#### RECORDS FOR THIS EXERCISE:
----------------------------------------
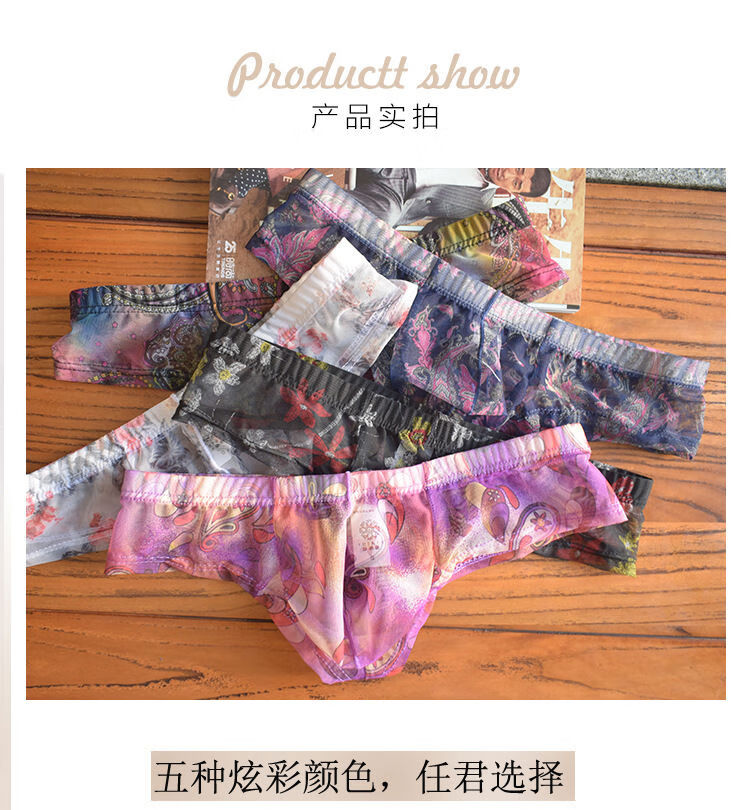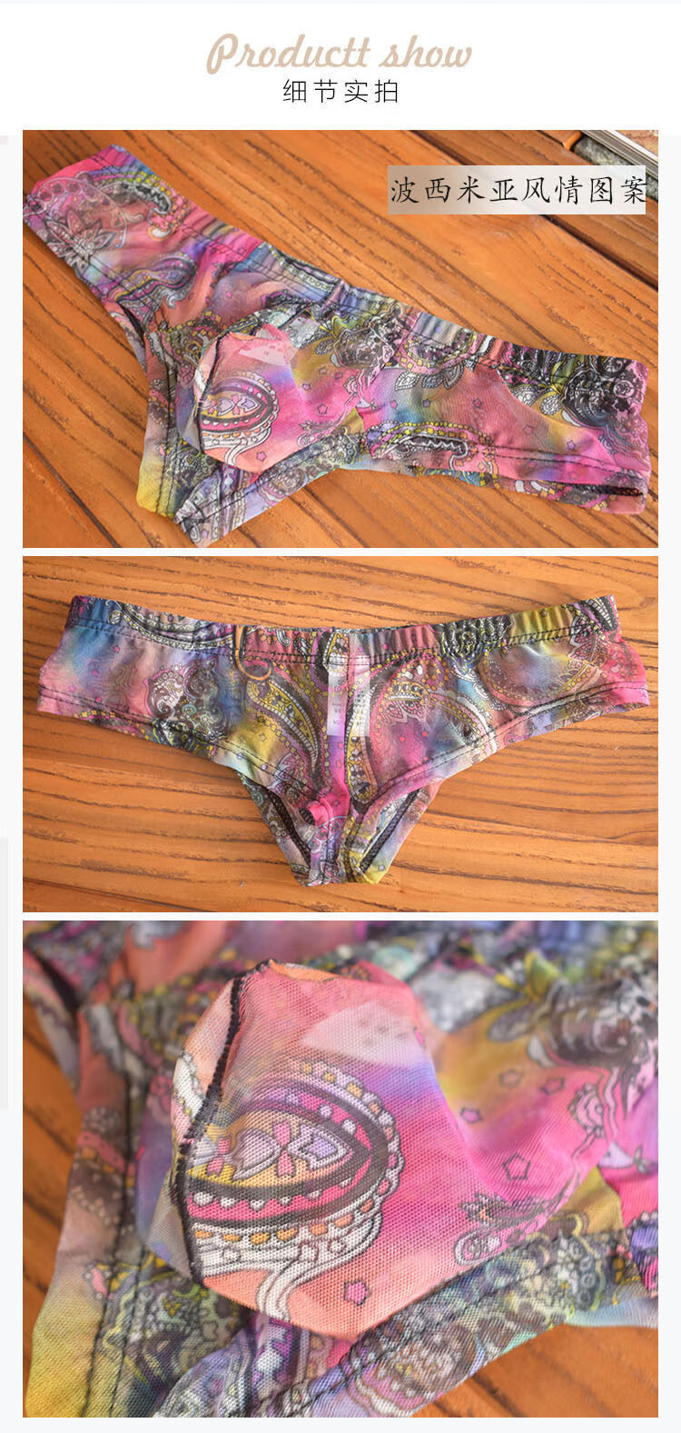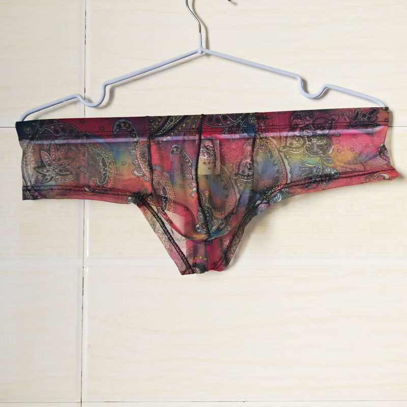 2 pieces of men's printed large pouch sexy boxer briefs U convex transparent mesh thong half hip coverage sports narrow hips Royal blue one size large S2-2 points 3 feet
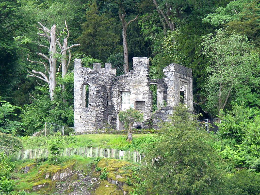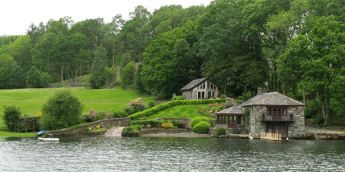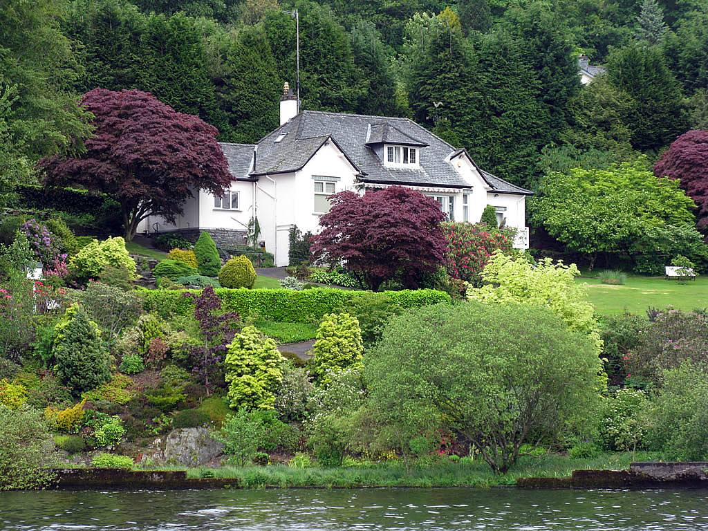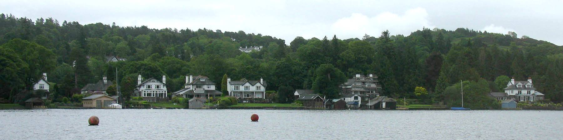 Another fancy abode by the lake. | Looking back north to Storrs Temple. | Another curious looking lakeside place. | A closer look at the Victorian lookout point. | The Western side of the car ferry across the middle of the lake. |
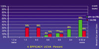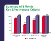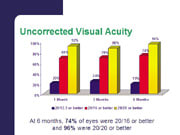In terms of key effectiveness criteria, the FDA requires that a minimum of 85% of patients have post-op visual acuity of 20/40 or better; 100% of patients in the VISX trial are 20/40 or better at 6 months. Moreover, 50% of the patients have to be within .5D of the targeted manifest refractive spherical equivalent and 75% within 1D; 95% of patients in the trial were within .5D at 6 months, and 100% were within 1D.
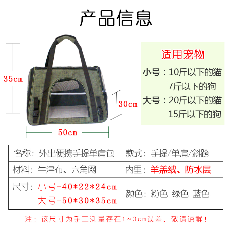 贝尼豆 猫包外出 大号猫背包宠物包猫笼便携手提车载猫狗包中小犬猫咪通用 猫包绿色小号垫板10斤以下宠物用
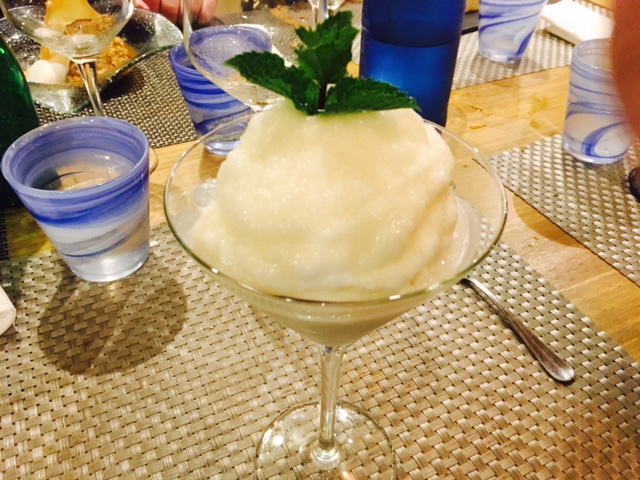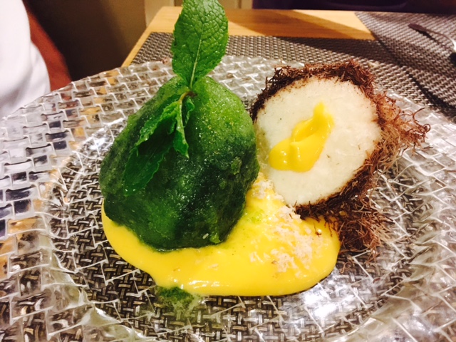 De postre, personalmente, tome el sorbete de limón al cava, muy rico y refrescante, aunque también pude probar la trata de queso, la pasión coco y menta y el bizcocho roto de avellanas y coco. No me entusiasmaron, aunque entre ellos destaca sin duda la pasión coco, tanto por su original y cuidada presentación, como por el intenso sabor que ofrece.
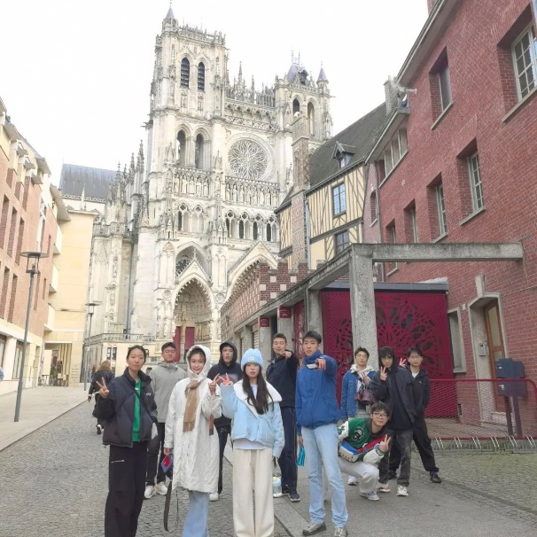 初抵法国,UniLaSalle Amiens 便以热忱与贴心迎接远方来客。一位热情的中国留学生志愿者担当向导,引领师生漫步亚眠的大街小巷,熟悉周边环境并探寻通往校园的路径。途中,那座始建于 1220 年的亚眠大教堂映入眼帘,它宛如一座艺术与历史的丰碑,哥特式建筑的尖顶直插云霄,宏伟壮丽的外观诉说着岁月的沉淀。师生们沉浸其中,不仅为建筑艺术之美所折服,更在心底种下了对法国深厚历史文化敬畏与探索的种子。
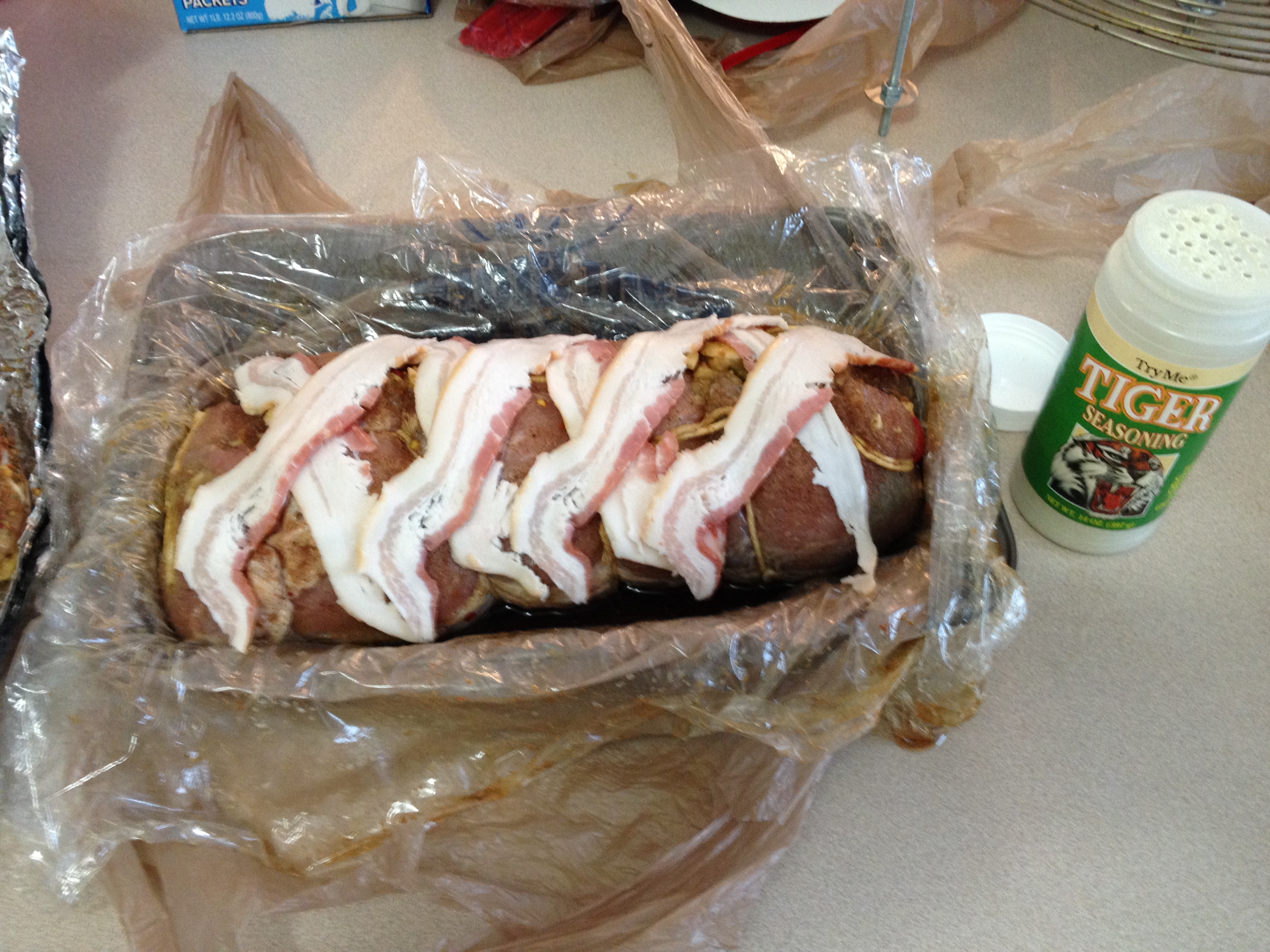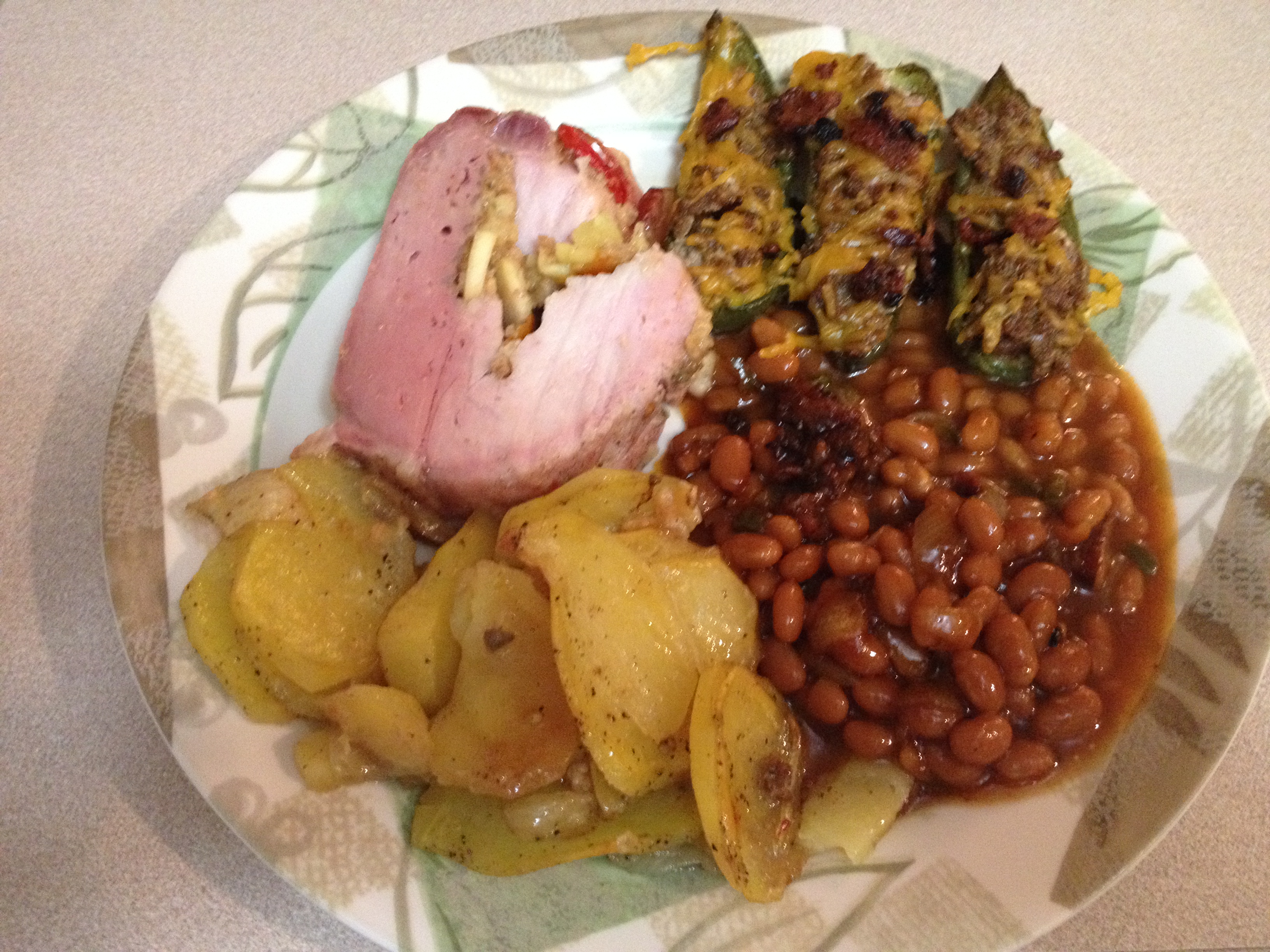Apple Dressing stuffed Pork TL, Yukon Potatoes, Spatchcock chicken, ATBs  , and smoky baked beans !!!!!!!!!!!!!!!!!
----------------------------------------
#### INSTRUCTIONS TO FOLLOW:
Everything in the records should be repeated exactly except the images.

#### SOLUTION TO THIS TASK:
 2 pieces of men's printed large pouch sexy boxer briefs U convex transparent mesh thong half hip coverage sports narrow hips Royal blue one size large S2-2 points 3 feet
 Another fancy abode by the lake. | Looking back north to Storrs Temple. | Another curious looking lakeside place. | A closer look at the Victorian lookout point. | The Western side of the car ferry across the middle of the lake. |
In terms of key effectiveness criteria, the FDA requires that a minimum of 85% of patients have post-op visual acuity of 20/40 or better; 100% of patients in the VISX trial are 20/40 or better at 6 months. Moreover, 50% of the patients have to be within .5D of the targeted manifest refractive spherical equivalent and 75% within 1D; 95% of patients in the trial were within .5D at 6 months, and 100% were within 1D.
 贝尼豆 猫包外出 大号猫背包宠物包猫笼便携手提车载猫狗包中小犬猫咪通用 猫包绿色小号垫板10斤以下宠物用
 De postre, personalmente, tome el sorbete de limón al cava, muy rico y refrescante, aunque también pude probar la trata de queso, la pasión coco y menta y el bizcocho roto de avellanas y coco. No me entusiasmaron, aunque entre ellos destaca sin duda la pasión coco, tanto por su original y cuidada presentación, como por el intenso sabor que ofrece.
 初抵法国,UniLaSalle Amiens 便以热忱与贴心迎接远方来客。一位热情的中国留学生志愿者担当向导,引领师生漫步亚眠的大街小巷,熟悉周边环境并探寻通往校园的路径。途中,那座始建于 1220 年的亚眠大教堂映入眼帘,它宛如一座艺术与历史的丰碑,哥特式建筑的尖顶直插云霄,宏伟壮丽的外观诉说着岁月的沉淀。师生们沉浸其中,不仅为建筑艺术之美所折服,更在心底种下了对法国深厚历史文化敬畏与探索的种子。
Apple Dressing stuffed Pork TL, Yukon Potatoes, Spatchcock chicken, ATBs  , and smoky baked beans !!!!!!!!!!!!!!!!!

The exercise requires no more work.